Hidden ticket fees not OK

BRIDGET JONES
Last updated 05:00 27/07/2012

Like I said last week, to get good acts down here in New Zealand we need to face up to reality and pay the real cost, and I am completely OK with that.

What I am less OK with are the hidden costs; those sneaky little fees that get tacked on the end, some of which I do not fully understand.

Transaction fees. Handling fees. Delivery fees. What are these things and why are they so expensive? 

It was the New Zealand International Film Festival that got my attention. While the event is one of my favourite things that happens each year, it was the ticket delivery costs that confused me.

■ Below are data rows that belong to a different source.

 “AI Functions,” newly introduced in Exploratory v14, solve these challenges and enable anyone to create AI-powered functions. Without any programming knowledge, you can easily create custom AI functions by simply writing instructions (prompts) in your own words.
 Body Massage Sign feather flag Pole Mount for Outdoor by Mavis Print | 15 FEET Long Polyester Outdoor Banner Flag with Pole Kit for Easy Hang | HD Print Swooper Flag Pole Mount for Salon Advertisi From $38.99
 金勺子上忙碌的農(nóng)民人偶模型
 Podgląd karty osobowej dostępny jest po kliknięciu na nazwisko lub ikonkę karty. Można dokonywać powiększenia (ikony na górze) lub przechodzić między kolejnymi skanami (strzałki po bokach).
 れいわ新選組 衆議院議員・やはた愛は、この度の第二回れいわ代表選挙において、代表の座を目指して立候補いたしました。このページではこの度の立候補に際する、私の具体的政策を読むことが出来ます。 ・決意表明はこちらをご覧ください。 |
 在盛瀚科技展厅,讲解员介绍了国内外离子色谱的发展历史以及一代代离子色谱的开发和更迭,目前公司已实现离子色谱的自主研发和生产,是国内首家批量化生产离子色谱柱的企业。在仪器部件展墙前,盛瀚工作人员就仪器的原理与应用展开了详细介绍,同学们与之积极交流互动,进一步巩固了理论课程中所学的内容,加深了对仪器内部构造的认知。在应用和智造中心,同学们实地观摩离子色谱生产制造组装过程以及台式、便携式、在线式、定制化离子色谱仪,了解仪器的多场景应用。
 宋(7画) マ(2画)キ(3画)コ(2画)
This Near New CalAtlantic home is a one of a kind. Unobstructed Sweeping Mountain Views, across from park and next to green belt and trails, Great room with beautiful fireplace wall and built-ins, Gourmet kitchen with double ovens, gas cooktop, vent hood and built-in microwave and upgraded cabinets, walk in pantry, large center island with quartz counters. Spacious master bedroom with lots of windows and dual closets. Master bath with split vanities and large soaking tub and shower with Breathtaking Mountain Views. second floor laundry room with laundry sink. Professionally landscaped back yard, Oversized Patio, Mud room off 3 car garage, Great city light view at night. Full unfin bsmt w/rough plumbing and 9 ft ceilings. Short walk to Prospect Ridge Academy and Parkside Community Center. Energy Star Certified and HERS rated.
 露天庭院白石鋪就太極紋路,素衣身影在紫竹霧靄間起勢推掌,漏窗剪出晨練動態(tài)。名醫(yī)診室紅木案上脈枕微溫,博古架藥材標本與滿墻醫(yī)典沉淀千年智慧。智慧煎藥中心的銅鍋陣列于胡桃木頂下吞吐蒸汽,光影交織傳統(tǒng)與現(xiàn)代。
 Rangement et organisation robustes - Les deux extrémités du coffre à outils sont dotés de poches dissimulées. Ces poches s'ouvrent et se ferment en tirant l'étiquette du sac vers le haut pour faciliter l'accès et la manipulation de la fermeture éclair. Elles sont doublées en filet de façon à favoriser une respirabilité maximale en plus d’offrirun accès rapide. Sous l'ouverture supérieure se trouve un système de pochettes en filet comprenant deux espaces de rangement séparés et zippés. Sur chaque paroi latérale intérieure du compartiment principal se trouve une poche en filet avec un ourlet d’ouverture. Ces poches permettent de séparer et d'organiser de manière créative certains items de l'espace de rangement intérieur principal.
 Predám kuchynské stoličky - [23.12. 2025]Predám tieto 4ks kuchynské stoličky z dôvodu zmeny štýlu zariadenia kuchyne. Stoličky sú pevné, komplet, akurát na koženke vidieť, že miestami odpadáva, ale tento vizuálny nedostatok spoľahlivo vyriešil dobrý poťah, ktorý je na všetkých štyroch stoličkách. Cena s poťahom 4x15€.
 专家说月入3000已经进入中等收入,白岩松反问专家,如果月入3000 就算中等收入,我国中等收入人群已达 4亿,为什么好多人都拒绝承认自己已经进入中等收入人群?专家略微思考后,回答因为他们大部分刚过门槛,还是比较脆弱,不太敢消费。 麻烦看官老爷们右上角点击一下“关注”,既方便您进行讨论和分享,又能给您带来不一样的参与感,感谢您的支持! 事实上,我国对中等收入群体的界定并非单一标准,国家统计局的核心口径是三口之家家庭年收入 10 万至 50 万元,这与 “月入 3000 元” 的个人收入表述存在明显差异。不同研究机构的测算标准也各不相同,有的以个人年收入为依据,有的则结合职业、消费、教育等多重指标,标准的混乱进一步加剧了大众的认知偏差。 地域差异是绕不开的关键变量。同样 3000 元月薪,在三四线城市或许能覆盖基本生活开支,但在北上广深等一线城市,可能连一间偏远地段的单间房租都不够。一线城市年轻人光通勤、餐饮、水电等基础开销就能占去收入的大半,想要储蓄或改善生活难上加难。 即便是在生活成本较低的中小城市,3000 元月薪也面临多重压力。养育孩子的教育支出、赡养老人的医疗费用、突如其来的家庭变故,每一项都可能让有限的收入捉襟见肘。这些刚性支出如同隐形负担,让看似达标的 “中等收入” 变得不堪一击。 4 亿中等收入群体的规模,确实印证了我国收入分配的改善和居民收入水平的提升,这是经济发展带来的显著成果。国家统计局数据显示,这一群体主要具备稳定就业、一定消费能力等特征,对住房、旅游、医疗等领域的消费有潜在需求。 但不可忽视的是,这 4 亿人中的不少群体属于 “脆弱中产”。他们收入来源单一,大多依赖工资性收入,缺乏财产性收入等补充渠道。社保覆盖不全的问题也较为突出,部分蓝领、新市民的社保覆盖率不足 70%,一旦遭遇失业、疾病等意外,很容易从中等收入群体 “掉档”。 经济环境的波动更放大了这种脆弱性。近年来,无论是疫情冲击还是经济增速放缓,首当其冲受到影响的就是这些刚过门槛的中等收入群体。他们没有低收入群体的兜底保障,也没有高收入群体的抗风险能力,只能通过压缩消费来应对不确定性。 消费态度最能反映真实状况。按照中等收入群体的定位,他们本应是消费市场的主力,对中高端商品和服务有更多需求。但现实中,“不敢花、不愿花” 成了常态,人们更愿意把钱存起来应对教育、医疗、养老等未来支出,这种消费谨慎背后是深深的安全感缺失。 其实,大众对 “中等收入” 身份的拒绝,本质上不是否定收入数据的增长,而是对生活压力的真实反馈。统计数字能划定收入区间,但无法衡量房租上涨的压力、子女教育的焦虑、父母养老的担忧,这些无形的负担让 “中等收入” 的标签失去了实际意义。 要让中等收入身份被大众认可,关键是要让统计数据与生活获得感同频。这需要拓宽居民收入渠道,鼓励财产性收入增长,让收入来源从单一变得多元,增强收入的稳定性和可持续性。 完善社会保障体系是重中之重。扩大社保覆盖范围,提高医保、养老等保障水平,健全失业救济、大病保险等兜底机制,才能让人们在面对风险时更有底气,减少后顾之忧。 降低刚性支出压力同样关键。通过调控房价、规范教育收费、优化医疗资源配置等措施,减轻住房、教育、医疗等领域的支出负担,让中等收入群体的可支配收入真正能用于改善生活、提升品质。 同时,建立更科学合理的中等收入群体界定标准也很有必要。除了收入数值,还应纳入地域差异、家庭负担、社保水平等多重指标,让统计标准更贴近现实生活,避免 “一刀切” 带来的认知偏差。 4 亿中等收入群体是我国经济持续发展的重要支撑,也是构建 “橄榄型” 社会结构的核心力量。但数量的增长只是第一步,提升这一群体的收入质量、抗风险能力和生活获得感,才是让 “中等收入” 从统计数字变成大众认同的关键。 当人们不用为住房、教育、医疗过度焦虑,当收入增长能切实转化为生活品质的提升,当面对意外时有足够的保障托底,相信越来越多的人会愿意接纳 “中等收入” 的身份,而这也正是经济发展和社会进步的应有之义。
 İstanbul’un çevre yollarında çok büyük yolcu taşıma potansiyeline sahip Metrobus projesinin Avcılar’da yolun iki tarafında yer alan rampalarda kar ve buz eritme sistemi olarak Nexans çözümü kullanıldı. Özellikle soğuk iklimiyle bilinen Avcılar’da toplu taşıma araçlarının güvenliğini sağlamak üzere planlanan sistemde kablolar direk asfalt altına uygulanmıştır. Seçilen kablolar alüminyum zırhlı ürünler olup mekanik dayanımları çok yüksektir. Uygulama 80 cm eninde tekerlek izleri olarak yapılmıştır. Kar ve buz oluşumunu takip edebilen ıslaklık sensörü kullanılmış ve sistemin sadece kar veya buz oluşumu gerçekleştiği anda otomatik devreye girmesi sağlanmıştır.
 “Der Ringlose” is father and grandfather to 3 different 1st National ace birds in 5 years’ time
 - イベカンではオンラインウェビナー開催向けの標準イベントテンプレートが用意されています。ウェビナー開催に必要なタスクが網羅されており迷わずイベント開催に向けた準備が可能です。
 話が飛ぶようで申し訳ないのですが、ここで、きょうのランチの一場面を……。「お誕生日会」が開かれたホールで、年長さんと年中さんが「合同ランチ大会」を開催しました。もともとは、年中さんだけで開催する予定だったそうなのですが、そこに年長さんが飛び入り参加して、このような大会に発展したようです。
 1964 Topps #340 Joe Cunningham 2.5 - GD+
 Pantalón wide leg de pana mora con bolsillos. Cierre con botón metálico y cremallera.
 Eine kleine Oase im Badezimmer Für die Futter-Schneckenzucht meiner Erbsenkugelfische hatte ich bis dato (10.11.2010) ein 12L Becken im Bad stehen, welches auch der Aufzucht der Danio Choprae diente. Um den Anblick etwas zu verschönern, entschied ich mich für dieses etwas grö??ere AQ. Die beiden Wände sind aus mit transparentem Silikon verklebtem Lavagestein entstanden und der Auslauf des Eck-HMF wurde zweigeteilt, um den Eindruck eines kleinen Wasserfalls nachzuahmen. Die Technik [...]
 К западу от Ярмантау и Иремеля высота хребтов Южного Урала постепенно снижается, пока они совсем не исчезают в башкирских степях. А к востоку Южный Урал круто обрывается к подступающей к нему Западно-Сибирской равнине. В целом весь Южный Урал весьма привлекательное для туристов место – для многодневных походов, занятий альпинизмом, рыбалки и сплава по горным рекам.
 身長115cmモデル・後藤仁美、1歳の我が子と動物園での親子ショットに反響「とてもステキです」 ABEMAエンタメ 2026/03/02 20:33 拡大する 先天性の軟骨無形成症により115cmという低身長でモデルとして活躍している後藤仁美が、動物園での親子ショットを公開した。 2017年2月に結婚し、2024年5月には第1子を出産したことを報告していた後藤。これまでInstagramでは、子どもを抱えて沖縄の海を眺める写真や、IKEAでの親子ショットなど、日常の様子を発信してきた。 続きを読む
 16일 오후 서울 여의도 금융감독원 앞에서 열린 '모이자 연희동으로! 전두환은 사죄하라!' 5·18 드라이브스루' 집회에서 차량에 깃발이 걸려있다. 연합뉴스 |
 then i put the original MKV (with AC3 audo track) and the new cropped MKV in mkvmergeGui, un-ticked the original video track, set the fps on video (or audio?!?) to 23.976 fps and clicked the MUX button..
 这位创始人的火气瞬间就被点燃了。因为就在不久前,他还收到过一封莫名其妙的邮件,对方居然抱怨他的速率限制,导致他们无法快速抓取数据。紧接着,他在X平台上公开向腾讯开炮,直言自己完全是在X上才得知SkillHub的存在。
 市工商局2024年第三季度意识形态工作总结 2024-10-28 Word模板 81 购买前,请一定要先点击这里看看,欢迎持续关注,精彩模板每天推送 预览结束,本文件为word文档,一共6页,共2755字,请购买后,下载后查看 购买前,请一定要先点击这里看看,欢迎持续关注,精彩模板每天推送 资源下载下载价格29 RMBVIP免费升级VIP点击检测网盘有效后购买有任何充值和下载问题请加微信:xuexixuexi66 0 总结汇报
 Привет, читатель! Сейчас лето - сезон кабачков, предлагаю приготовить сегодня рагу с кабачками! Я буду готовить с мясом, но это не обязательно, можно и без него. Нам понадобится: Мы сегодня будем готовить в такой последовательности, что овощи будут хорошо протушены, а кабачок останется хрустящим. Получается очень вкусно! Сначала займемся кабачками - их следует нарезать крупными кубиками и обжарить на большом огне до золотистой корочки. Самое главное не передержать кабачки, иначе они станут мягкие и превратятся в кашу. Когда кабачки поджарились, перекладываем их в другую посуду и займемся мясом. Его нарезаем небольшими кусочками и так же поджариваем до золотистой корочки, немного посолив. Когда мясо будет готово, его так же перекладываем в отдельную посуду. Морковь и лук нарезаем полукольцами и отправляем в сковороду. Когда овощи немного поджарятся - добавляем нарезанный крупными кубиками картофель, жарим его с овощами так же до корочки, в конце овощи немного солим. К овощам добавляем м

In particular, the cost of getting a ticket sent to my phone.

Being a modern creature, I shun all things sentimental (read: paper, except for THE paper) mainly because I will end up losing them. So when there is the option to just show someone a text, I'm there.

But when showing someone a text costs me $5, they've lost me. Then if you think about paying $8.10 to pick up a ticket, then I really get a bit of a funny feeling in my wallet.

Of course, the NZFF is not alone in this conundrum. A quick survey of the ticket-selling folk of Auckland shows the action of picking up a ticket can cost you anywhere from nothing to $9 (yip, that's quite a difference), and if you want those physical stubs in your hand before the show, it could be as much as $12 in delivery fees.

I understand the economics behind having a fee. There are people who need to take those booking phone calls and sit behind the desk, mailing them out. But when I book over the internet and arrange a ticket to be sent via text message, I am pretty sure there isn't a person sitting in an office somewhere actually pressing the buttons on their mobile.  

So where does the $5 come from? Why does a trip to the movies or a concert or sporting event suddenly jump in price when it's already a struggle for some? 

It might not sound like much and I am sure someone can explain it all away, but sometimes it's the little things that put people off, that stop them getting out and making the most of Auckland's tasty offerings.